Professional ratings
Review scores
| Source | Rating |
| Allmusic | Star Half star |

==Overview==
Recording for The Pink Album began in 1966. While Smokey Robinson handled much of the production, there is also production from James Dean and William Weatherspoon, who would provide material for The Marvelettes' next album. Producers felt that the group needed to offer a sound more mature and developed that contrasted their previous recordings. This album contains only two singles: "The Hunter Gets Captured by the Game" (No.13 US, No. 2 R&B) which was written and produced by Robinson, and its follow-up, a remake of Ruby & the Romantics' "When You're Young and in Love" (No. 23 US, No. 9 R&B, No. 13 UK) which was the group's only single to reach UK charts.

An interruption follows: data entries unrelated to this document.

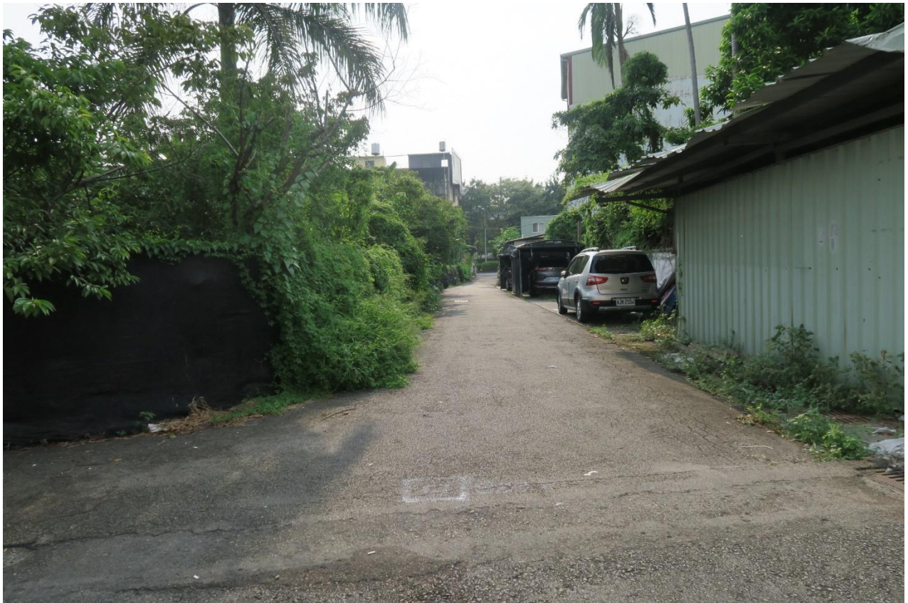
工區六 旱溪里東光路 76 巷路面改善工程施工地點現況照片 108 年 8 月即將施工改善路面 (東光路至旱溪五街 上圖：東光路巷口 下圖：旱溪五街巷口)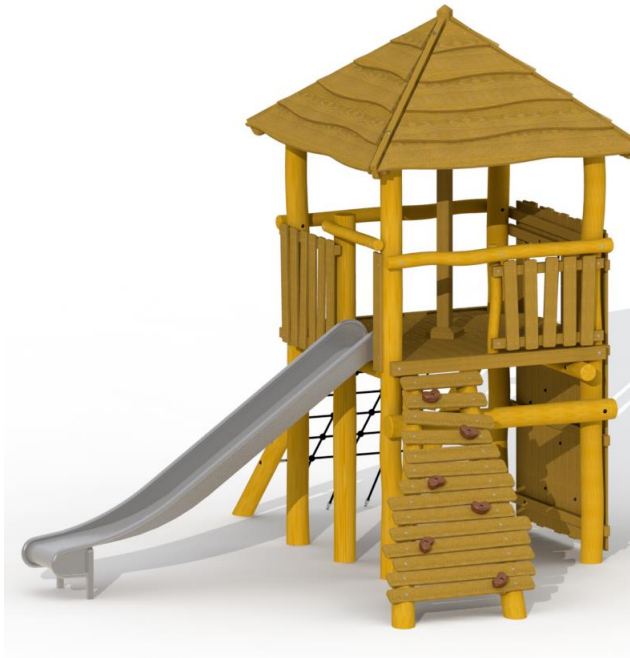
Voorbeeld van boomhut met speelelementen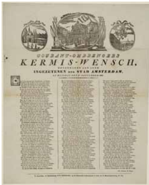
Een Aschmannen-kermiswens uit 1833

Zoo kreeg men elk jaar een nieuwen heilwensch, in 't eerst op wit, later ook op getint papier en met tekening in zwart, zeer zelden in andere kleuren van een of ander gebouw of plek in de gemeente, van den torenwachter, den nachtwacht, lantaarnopsteker, vuilniskarreman enz. Zelfs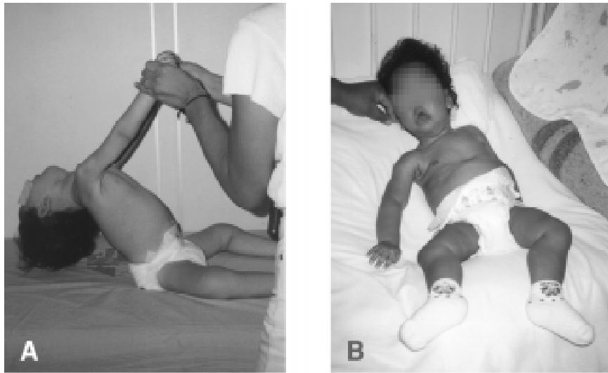
Figura 1 - Aspectos semiológicos das doenças neuromusculares em lactentes e crianças pequenas: a) DMC, criança de 12 meses de idade com hipotonia e fraqueza muscular: falta de resistência à movimentação passiva e grave retardo do desenvolvimento motor, com ausência de sustento cefálico; b) AEI tipo I (doença de Werdnig Hoffmann): fenótipo gravíssimo, criança não chega a sentar, comprometimento facial (boca em carpa) e deformidade torácica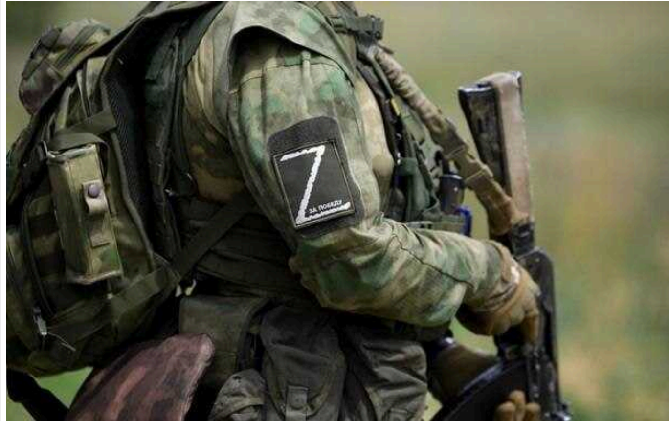
На Запорізькому напрямку окупанти розстріляли полонених українських воїнів

Окупанти розстріляли щонайменше двох українських полонених на Запорізькому напрямку.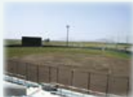
みどりと森の運動公園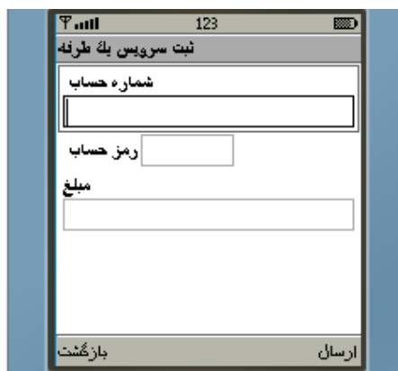
شکل شماره ۳۰

۳- "تراکنشهای بیش از مبلغ خاص"، این سرویس گردشهای با مبلغ برابر و یا بیشتر از مبلغ انتخابی شما در زمان ثبت نام بر روی حساب مورد نظرتان را به صورت خودکار در پایان روز کاری ارسال می‌کند. طریقه ثبت نام مشابه سرویسهای قبلی بوده با این تفاوت که در کادر آخر، مبلغ مشخص می‌گردد. حداقل مبلغ قابل قبول جهت فعال سازی این سرویس یک میلیون ریال می‌باشد (شکل شماره ۳۰).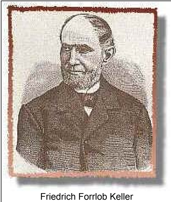
Friedrich Gottlob Keller

Friedrich Keller wurde als Sohn eines Weber- und Blattbindermeisters geboren, der in Heimarbeit, die schlecht bezahlt wurde, für Verleger Tuche herstellte. Er war das einzige von 10 Kindern, welches das Erwachsenenalter erreichte. Bei seinem Vater erlernte er dessen Beruf und half ihm dann hauptsächlich als Blattbinder, indem er Webblätter zum Führen der Kettfäden und zum Anschlagen des Schußfadens herstellte.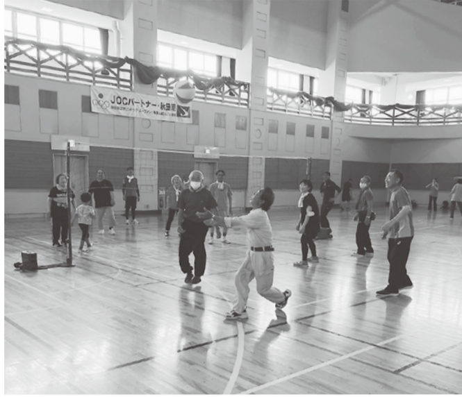
うまくレシーブできるかな

体力づくり教室は、8月25日に能代市のアリス・ニッ井・三種・ニッ井支部合同で40人程の参加でした。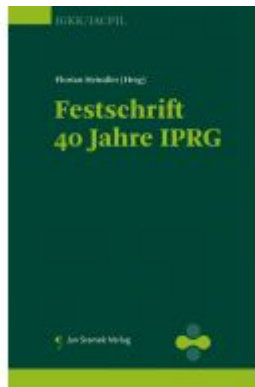
Festschrift 40 Jahre IPRG Ladenpreis: 98,00 EUR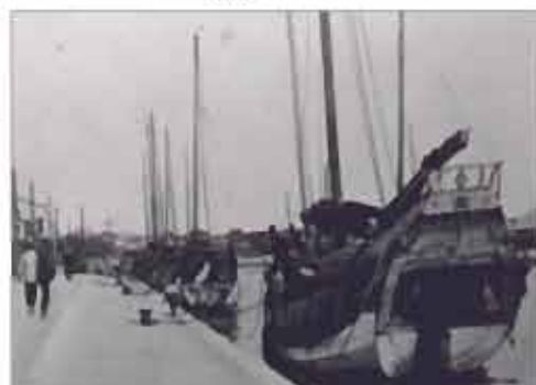
台南運河

發行人：李得全 編輯委員：蘇明吉、簡敏福、陳家慶、吳建德、莊德棧、陳奕榮 發行單位：台南市政府都市發展局 發刊日期：民國92年04月05日 地址：台南市永華路二段六號九樓 電話：06-3901422 傳真：06-2953362 電子信箱：BUD@aail.tncc.gov.tw 網址：http://www.tncc.gov.tw

The Marvelettes topped out at No. 129 in the US and was more successful on the R&B chart, at No. 13.

==Track listing==
Superscript denotes lead singer: (a) Wanda Young; (b) Gladys Horton

===Side 1===
1. "Barefootin'" (Robert Parker) (Robert Parker cover) ^{a}
2. "Message to Michael" (Burt Bacharach, Hal David) (Dionne Warwick cover) ^{b}
3. "The Hunter Gets Captured by the Game" (William Robinson) ^{a}
4. "When You're Young and in Love" (Van McCoy) (Ruby & The Romantics cover) ^{a}
5. "I Know Better" (R. Dean Taylor, Norman Whitfield) ^{b}
6. "I Can't Turn Around" (Frank Wilson) ^{a}

===Side 2===
1. "He Was Really Sayin' Somethin'" (Eddie Holland, William Stevenson, Norman Whitfield) (The Velvelettes cover) ^{b}
2. "The Day You Take One (You Have to Take the Other)" (William Robinson) ^{a}
3. "When I Need You" (Morris Broadnax, Clarence Paul) ^{a}
4. "Keep Off, No Trespassing" (Johnny Bristol, Robert Gordy) ^{b, a}
5. "Tonight Was Made for Love" (Thomas Jones, Robert Staunton) ^{b}
6. "I Need Someone" (James Dean, William Weatherspoon) ^{b}

==Personnel==
- Gladys Horton – lead vocals (where indicated), backing vocals (side 1, tracks 1, 3, 4 and 6; side 2 tracks 2 and 3)
- Wanda Young – lead vocals (where indicated), backing vocals (side 1, track 2 and 5; side 2, tracks 1, 4, 5, 6)
- Katherine Anderson – backing vocals
- The Andantes – backing vocals (side 1, tracks 2–6; side 2, tracks 2–6)
- Smokey Robinson – producer
- Norman Whitfield – producer
- Brian Holland – producer
- Lamont Dozier – producer
- James Dean – producer
- William Weatherspoon – producer
- The Funk Brothers – instrumentation (all tracks)
- Detroit Symphony Orchestra – instrumentation (side 1, tracks 4 and 5; side 2, tracks 4 and 5)

==Singles history==
- "The Hunter Gets Captured by the Game" (No. 13 US) (No. 2 R&B)
- "When You're Young and in Love" (No. 23 US) (No. 9 R&B) (No. 13 UK)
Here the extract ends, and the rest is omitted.